STORED DATA:
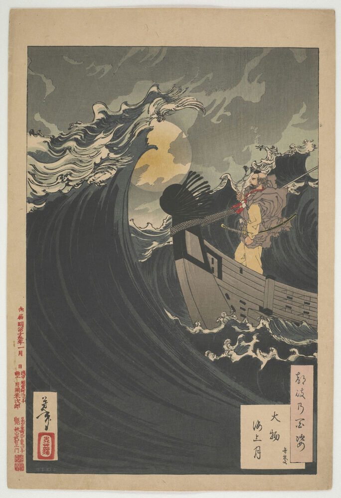 Moon above the sea at Daimotsu bay: Benkei, from the series One Hundred Aspects of the Moon
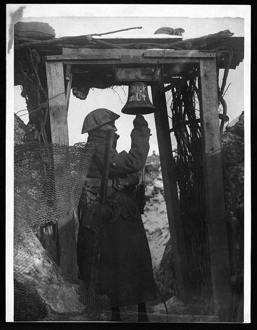 Infantryman with very primitive gas protection on guard with a bell, ready to signal the rest of the troops in event of a gas attack:
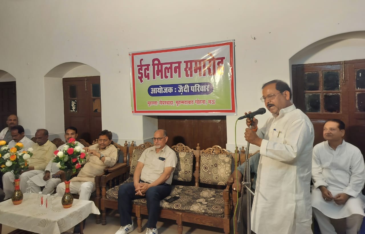मुहम्मदाबाद गोहना ÷ मऊ। स्थानीय नगर पंचायत के मोहल्ला सैयदवाड़ा स्थित प्रख्यात ज़ैदी परिवार के सौजन्य से शुक्रवार देर शाम ईद मिलन समारोह का आयोजन किया गया। इसके मुख्य अतिथि पूर्व मंत्री श्रीराम सोनकर, विशिष्ट अतिथि पूर्व चेयरमैन लालजी वर्मा व शकील अंसारी तथा संचालक अली इमदाद ज़ैदी सहित विभिन्न क्षेत्रों से जुड़ें गणमान्य लोंगों ने एक दूसरे को मुबारकबाद पेश की और ईद के पकवानों का लुत्फ उठाया।

WHAT YOU HAVE TO DO:
An exact copy of the listing is required; return it without any pictures.

YOUR RESPONSE:
 Moon above the sea at Daimotsu bay: Benkei, from the series One Hundred Aspects of the Moon
 Infantryman with very primitive gas protection on guard with a bell, ready to signal the rest of the troops in event of a gas attack:
मुहम्मदाबाद गोहना ÷ मऊ। स्थानीय नगर पंचायत के मोहल्ला सैयदवाड़ा स्थित प्रख्यात ज़ैदी परिवार के सौजन्य से शुक्रवार देर शाम ईद मिलन समारोह का आयोजन किया गया। इसके मुख्य अतिथि पूर्व मंत्री श्रीराम सोनकर, विशिष्ट अतिथि पूर्व चेयरमैन लालजी वर्मा व शकील अंसारी तथा संचालक अली इमदाद ज़ैदी सहित विभिन्न क्षेत्रों से जुड़ें गणमान्य लोंगों ने एक दूसरे को मुबारकबाद पेश की और ईद के पकवानों का लुत्फ उठाया।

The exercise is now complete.